DATA BELOW:
<<<<
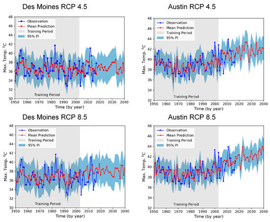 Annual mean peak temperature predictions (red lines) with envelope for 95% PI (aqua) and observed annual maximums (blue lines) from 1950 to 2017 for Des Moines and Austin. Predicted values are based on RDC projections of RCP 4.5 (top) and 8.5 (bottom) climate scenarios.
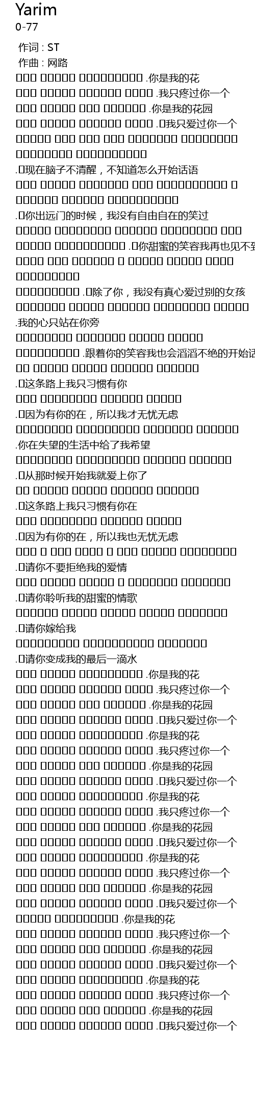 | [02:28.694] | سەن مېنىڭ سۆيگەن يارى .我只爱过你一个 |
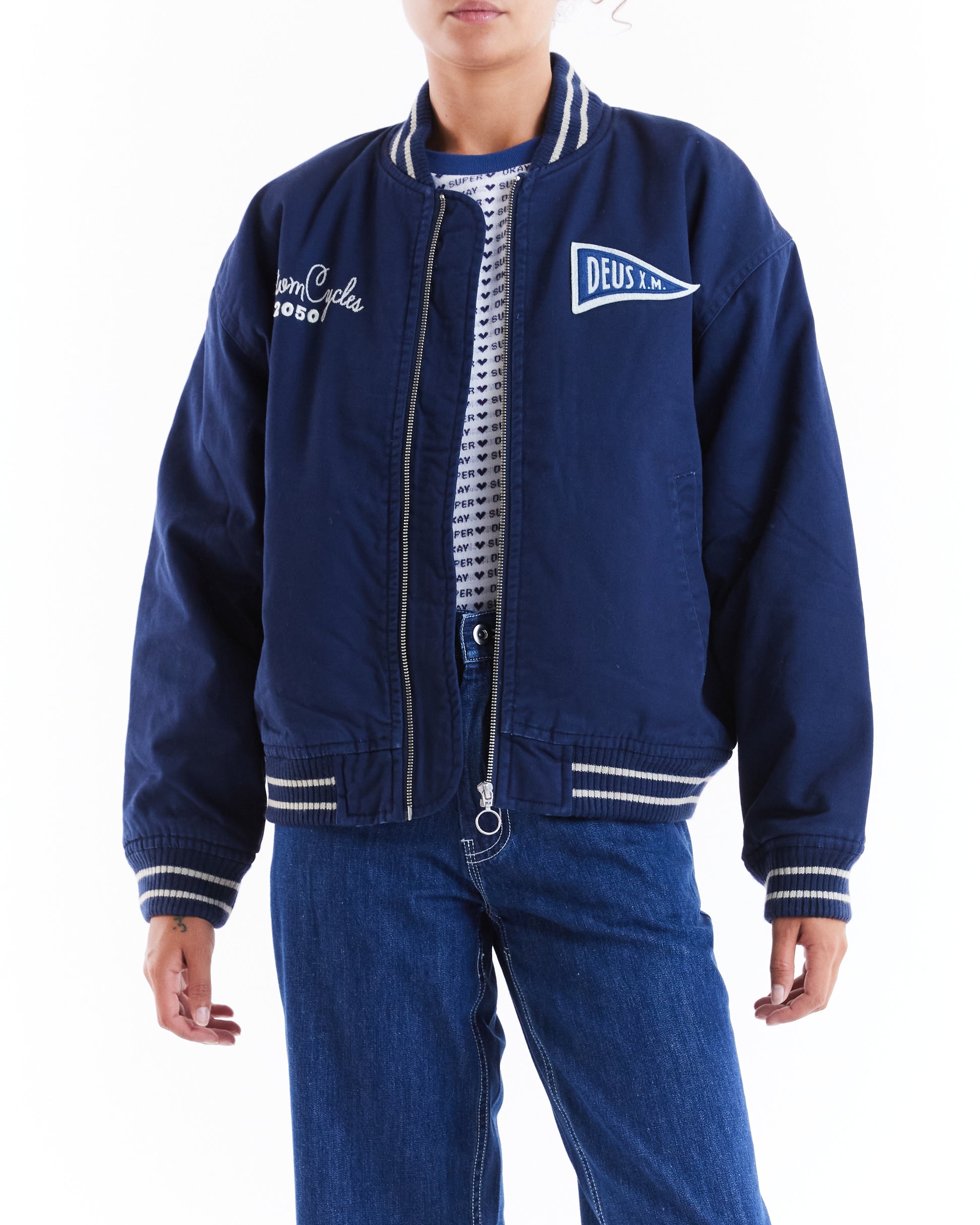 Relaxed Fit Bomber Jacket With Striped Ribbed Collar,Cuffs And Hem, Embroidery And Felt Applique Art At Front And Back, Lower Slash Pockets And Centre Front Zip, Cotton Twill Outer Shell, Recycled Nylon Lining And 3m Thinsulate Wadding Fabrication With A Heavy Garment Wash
>>>>
THE PROBLEM: Find the line that contains "يارى .我只爱过你一个 |". Copy it and every line after it through the end of the listing exactly, but not the pictures.

TASK ANSWER:
 | [02:28.694] | سەن مېنىڭ سۆيگەن يارى .我只爱过你一个 |
 Relaxed Fit Bomber Jacket With Striped Ribbed Collar,Cuffs And Hem, Embroidery And Felt Applique Art At Front And Back, Lower Slash Pockets And Centre Front Zip, Cotton Twill Outer Shell, Recycled Nylon Lining And 3m Thinsulate Wadding Fabrication With A Heavy Garment Wash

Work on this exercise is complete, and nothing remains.